Article Text
Abstract
Introduction The need for biomarkers to identify cardiac dysfunction in patients with diabetes (DM) is becoming increasingly pressing due to the global rise in disease prevalence and reducing healthcare resources to detect and manage these complications. With the risk of heart failure being 2–5 fold greater in those with diabetes, early identification of cardiac dysfunction may facilitate more timely management and reduce or delay future heart failure development. The aim of this ongoing study is to identify serum protein and micro RNA (miRNA) biomarker signatures that can be used to diagnose asymptomatic left ventricular diastolic dysfunction (LVDD) in diabetic patients.
Methods The biomarker discovery cohort consisted of a selected subset of 200 patients from within the STOP-HF population. Four pooled age- and gender-matched groups of 50 patients were analysed, with and without DM and with and without asymptomatic LVDD. LVDD was defined on echocardiography as left atrial volume index ≥34 ml/m2 and E’<10 cm/sec. For proteomics biomarker discovery, samples were enriched via immune-depletion and digested using trypsin before being run on a Q-Exactive mass spectrometer (Thermo Scientific). For miRNA analysis, Taqman array cards were used which have 745 microRNA Taqman probes on a 384-well micro-fluidic card (Applied Biosystems).

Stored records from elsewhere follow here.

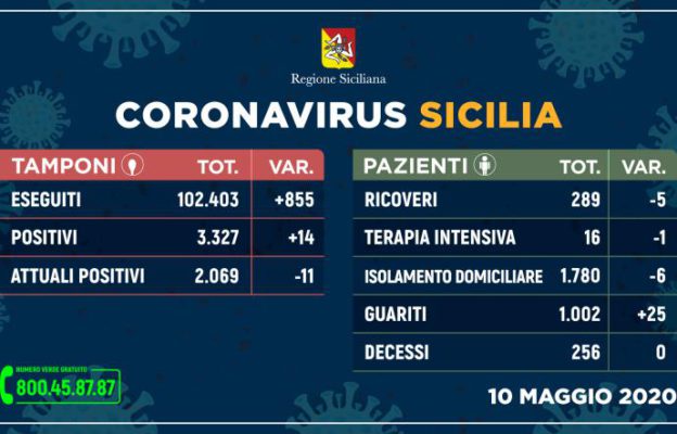 Dall’inizio dei controlli, i tamponi effettuati sono stati 102.403 (+855 rispetto a ieri), su 91.748 persone: di queste sono risultate positive 3.327 (+14), mentre attualmente sono ancora contagiate 2.069 (-11), 1.002 sono guarite (+25) e 256 decedute (0).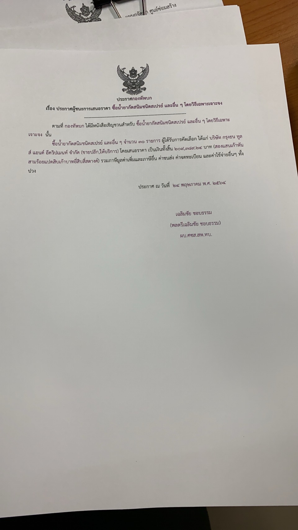 ตามที่ กองทัพบก ได้มีหนังสือเชิญชวนสำหรับ ซื้อน้ำยากัดสนิมชนิดสเปรย์ และอื่น ๆ โดยวิธีเฉพาะเจาะจง นั้น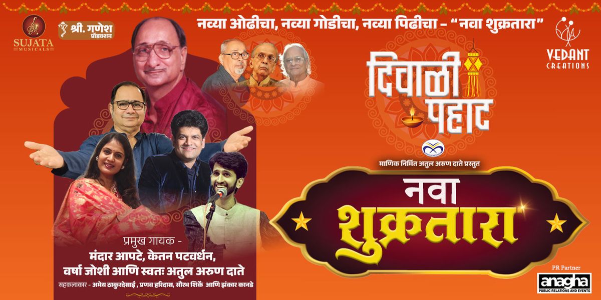 This Diwali, make your celebrations truly memorable with “Diwali Pahat – Nava Shukratara”, a soulful morning musical show dedicated to the timeless creations of legends like Arun Date, Mangesh Padgaonkar, Yashwant Dev, and Shrinivas Khale. Enchanting performances by Mandar Apte, Ketan Patwardhan, Varsha Joshi and Atul Arun Date will bring alive evergreen bhavageets such as Shukratara Mand Vara and Shatada Prem Karave, connecting generations through melody, poetry, and tradition. Begin the festival of lights with music that awakens the soul and celebrates the spirit of togetherness.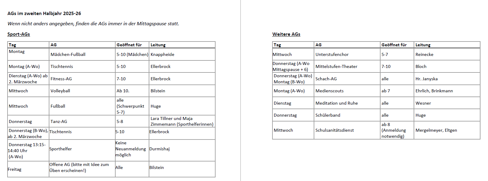Übersicht über die angebotenen AGs (Stand: 15.03.2026):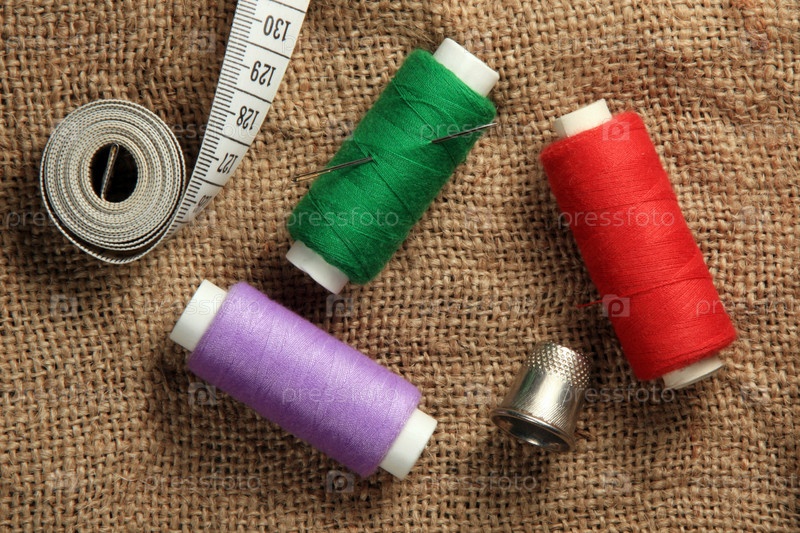 Катушки ниток, наперсток, сантиметровая лента лежат на мешковине

Results The proteomics and miRNA discovery analysis identified over 70 potential biomarkers that were differentially expressed in patients with both diabetes and LVDD compared with the other three discovery groups. GO-Term enrichment analysis revealed a significant involvement of processes relating to inflammation, including Humoral immune response, Complement activation, and Acute inflammatory responses (q-values: 1.00 E-30, 1.00 E-30, 1.00 E-30 respectively).
Conclusion Verification and validation of the diagnostic potential of these novel protein and miRNA biomarkers candidates may support future strategies for the early identification and monitoring of LVDD in diabetic populations. Furthermore, functional analysis and identification of disease relevance of these biomarkers could highlight new therapeutic targets, including novel anti-inflammatory approaches.